小娃娃瞪著眼睛,「敲敲敲!先生都被你吵醒啦!」
「小童子見諒見諒,晚輩並非有意叨擾。」,孔雀指了指身後驢子上的人,「在下來拜訪曾老先生有一事相求,不知童子可否通報先生知道?」
「哦?你還認識我家先生?」
「有過一面之緣。」
小童子眨了眨眼睛,「那好吧,你賞我個名姓,我去請示先生。」
「在下孔雀,您只要和曾先生說孔雀前來有要事求見便可。」
「孔雀?好吧,你在這兒等著。」
說完咣當一聲再次將大門關閉,孔雀轉回身摸了摸驢背上的琉璃貓,原本蒼白的嘴唇已經開始乾裂。問幾聲要不要喝水,這時候的貓已經沒有回答他說話的力氣了。又是等了一炷香的時間門再次打開,這一次開的是正門,說是正門也不過兩扇一人高的木門而已。筆下文學88 .
門開,從裡面走出一人,不辨男女。此人體態如女子一般嬌弱可身高卻比孔雀還要高半頭,身上穿著一件白色八卦仙衣,系帶隨風飄擺。腳下是一雙白色綢緞面素鞋,白色絲帶纏腰,金簪別頂。往臉上看,面若白玉五官精緻,柳葉彎眉小鼻子扁扁嘴。
此人體態端莊,雙手放於小腹處,出門微微頷首,「孔雀先生,您等候多時了。」
話已出口,依然難以分辨此人究竟是個男人還是個女人,說話的聲音有那麼點女人的特徵可並不強烈。
孔雀搖搖頭,「我不急,只是身後這位......」
「不必多說,我既要你等,自然是把握著分寸。」,那人繞過孔雀來到驢子側面,伸手去摸琉璃貓的額頭,「她最多還能撐三炷香的時間,所以我要你等兩炷香的時間。世間萬物皆因緣而起,我就是要你懂得,她無論是活了還是死了,都是因緣所致,常人不可左右。」
「師父受教了,還請您千萬幫我。」
「你我相遇既是緣分,我出手救人也是因緣結緣,隨我來後院醫治。」
孔雀在一年以前認識到這位世外高人,那時候他正準備刺殺一個人,一個常年隱居深山不問世事的獵人。或許他永遠都想不明白,鐵甲人為何要他去殺那樣一個人。那獵戶自幼生長在深山,以打獵為生,將動物的皮毛和肉賣到市場換取一些生活必需品。他既不是什麼前朝餘孽,也不是什麼亂臣賊子,他就是那麼一個與世無爭的平民百姓。鐵甲人卻要殺了他。
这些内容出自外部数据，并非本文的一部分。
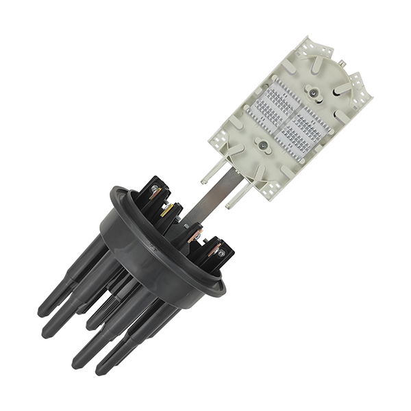 Конструкция муфты МВОТ-5120 позволяет сращивать несколько кабелей вместе, а расширенное внутреннее пространство позволяет уложить транзитные модули на лотке с противоположной стороны от кассет с соблюдением всех допусков.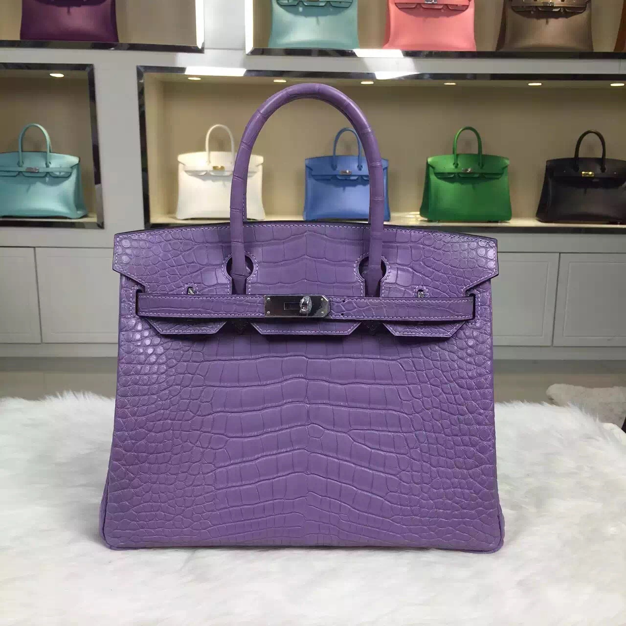 Brand: Hermes; Style: Birkin Bag 30cm; Material: Crocodile Leather([HCP] original leather);Color: Lavender Purple; Hardware: gold,silver;  Accessories: Padlock and keys, dust bag.Function:tote bag.

那人就住在這座山的山腳下,早就說過這山沒有名字,不妨就叫它隱賢山吧。
孔雀來到山腳下,不費吹灰之力就找到那獵戶的家,畫影圖形很快就辨認出來。可孔雀直到下手的前一秒,他都不清楚為什麼要去殺這樣一個人。白刀子進去紅刀子出,他永遠也忘不了那人充滿疑惑的臉,就那麼看著他好一會兒才漸漸地死去。
就在他倒下的時候,忽然抬頭,他竟然看到山崖山站著一個人!他的洞察力極好,竟然沒有察覺何時頭頂的山石上站了一個人,他所做的事情被那人看了個一清二楚。而此刻,那人正看著他。
「你。」,山崖上的人說話了,聲音有些抽泣,「你,你因何,要殺他?」
孔雀一聲冷笑,「哼,主人要我殺他我便殺他,倘若再問,我還要殺你!」
山崖上的人微微點頭,「哦,那你也是個無心之人。無心所謂無過,罷了罷了,你走吧。」
「我走?」,那時的孔雀心高氣傲,不削道,「我不走反倒要問,他是你什麼人,不給我說明白你也別想走!」
那人飄搖一步,像是從山崖上摔下來,卻四平八穩的落在屋檐上,這時候孔雀才認出她是個女人。
「一切法皆因緣所生,因緣所生故因緣而死,他的死也是一種緣。生亦何哀,去亦何苦。你我同他都是有緣人,不妨與我一同將他埋葬了吧。」